I think your documentation might be outdated.  Here's what the "git
pull" man page I have says:

  In Git 1.7.0 or later, to cancel a conflicting merge, use git reset
  --merge. Warning: In older versions of Git, running git pull with
  uncommitted changes is discouraged: while possible, it leaves you in a
  state that may be hard to back out of in the case of a conflict.

  If any of the remote changes overlap with local uncommitted changes,
  the merge will be automatically cancelled and the work tree
  untouched. It is generally best to get any local changes in working
  order before pulling or stash them away with git-stash(1).

This is with Git 2.8.0.

IOW, for a recent enough Git, they _recommend_ stashing, but no longer
_warn_ about merging in this situation.  Which is exactly my

> Also, in my opinion it is conceptually a bad practice to start git
> operations that affect the commit graph (such as merge) from an
> unclean state.

I agree that it's preferable to have a clean repo, but in practice it
doesn't always work to have it.  Being able to pull when you have
uncommitted changes is an important feature; a VCS that doesn't
support it is IMO severely broken, because it will get in the way.
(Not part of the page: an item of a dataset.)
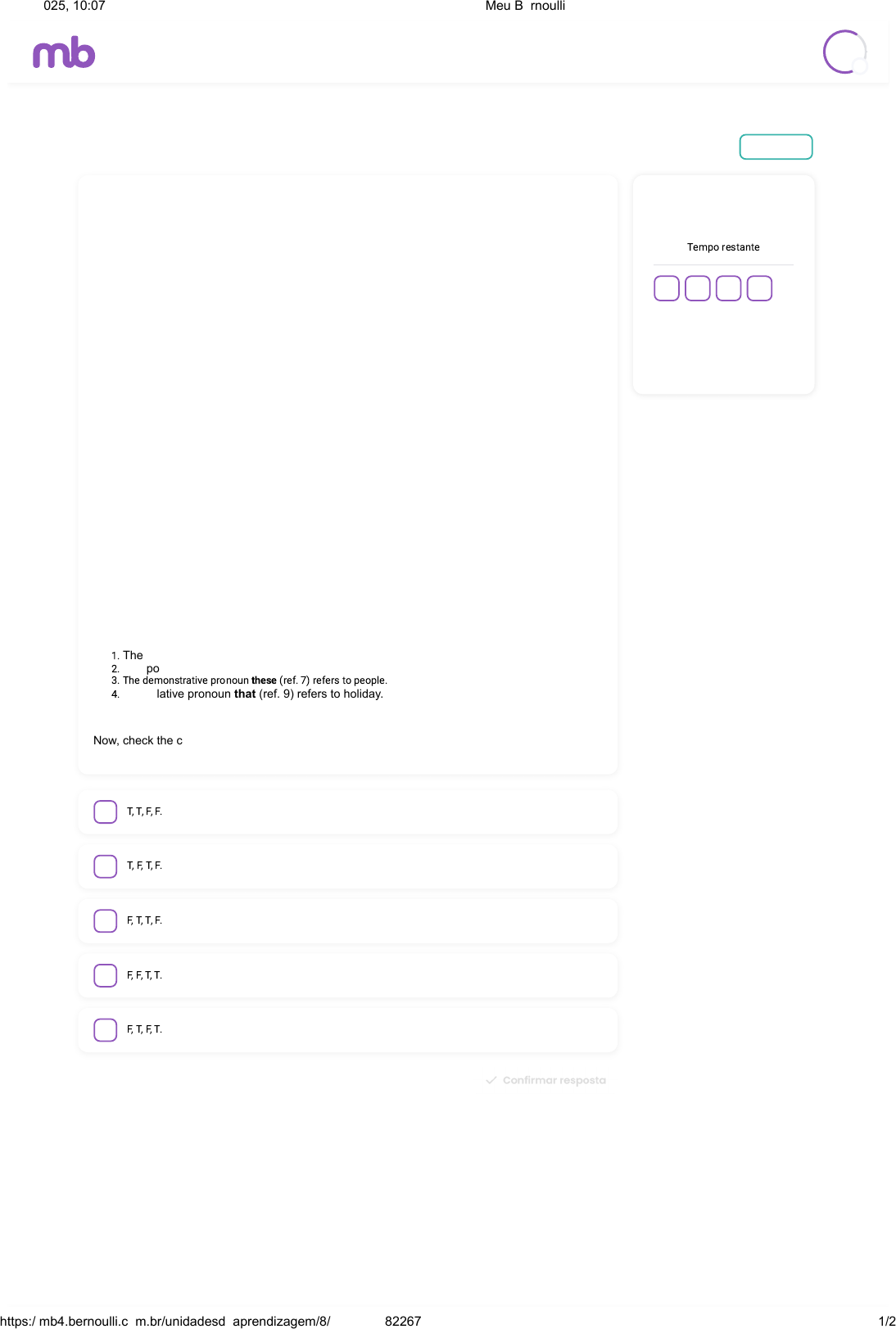 Trabalho de Língua Inglesa - 2º Bimestre Limite: 09/05/2025, 23:59 Valor: 10 pts Item 5 2 pontos SUSTAINABLE TOURISM Tourism is one of the world’s fastest growing industries and is a major source of income for many countries. Being a people-oriented industry, tourism also provides many jobs 1which have helped 2revitalise local economies. However, like other forms of development, tourism can also cause 3its share of problems, such as social 4dislocation, loss of cultural heritage, economic 5dependence and ecological 6degradation. Learning about the impacts of tourism has led many people to seek more responsible holidays. 7These include various forms of alternative or sustainable tourism such as: ‘nature-based tourism’, ‘ecotourism’ and ‘cultural tourism’. Sustainable tourism is becoming so popular that some say that what we 8presently call ‘alternative’ will be the ‘mainstream’ in a decade. All tourism activities of whatever motivation – holidays, business travel, conferences, adventure travel and ecotourism – need to be sustainable. Sustainable tourism is defined as “tourism that respects both local people and the traveller, cultural heritage and the environment”. It seeks to provide people with an exciting and educational holiday 9that is also of benefit to the people of the host country. Adapted from: http://www.unesco.org/education/tlsf/mods/theme_c/mod16.html. Access on Jul 24th, 2017. (G1 - ifba 2018) Concerning grammar reference, mark the sentences below true (T) or false (F): 1. The relative pronoun which (ref. 1) refers to economy. 2. The possessive adjective its (ref. 3) refers to tourism. 3. The demonstrative pronoun these (ref. 7) refers to people. 4. The relative pronoun that (ref. 9) refers to holiday. Now, check the correct alternative below. A T, T, F, F. B T, F, T, F. C F, T, T, F. D F, F, T, T. E F, T, F, T. Voltar Tempo restante 1 2 3 4 5 Finalizar avaliação Estudante Escola Senador… K 6 03/05/2025, 10:07 Meu Bernoulli https://mb4.bernoulli.com.br/unidadesdeaprendizagem/8/59362/1282267 1/2 https://mb4.bernoulli.com.br/ 2025 © Bernoulli Sistema de Ensino v4.24.6 Tempo restante Estudante Escola Senador… K 6 03/05/2025, 10:07 Meu Bernoulli https://mb4.bernoulli.com.br/unidadesdeaprendizagem/8/59362/1282267 2/2 https://mb4.bernoulli.com.br/

> >> In this case, you have to learn about rebase, as in 'git rebase
> >> origin/master'.
> >
> > "git rebase" is a bad idea when merging a long-lived feature branch,
> > so please don't advise this to users who are evidently not Git
> > experts.
> It is my understanding (and I made it clear that it was partly
> guesswork) that Alan asked precisely for that functionality.  I am not
> sufficiently patronizing to tell intelligent people they are not ready
> for something when they explicitly ask for it. :)

You may wish re-reading some of Alan's past messages about his
adventures with Git, to get a better idea about that.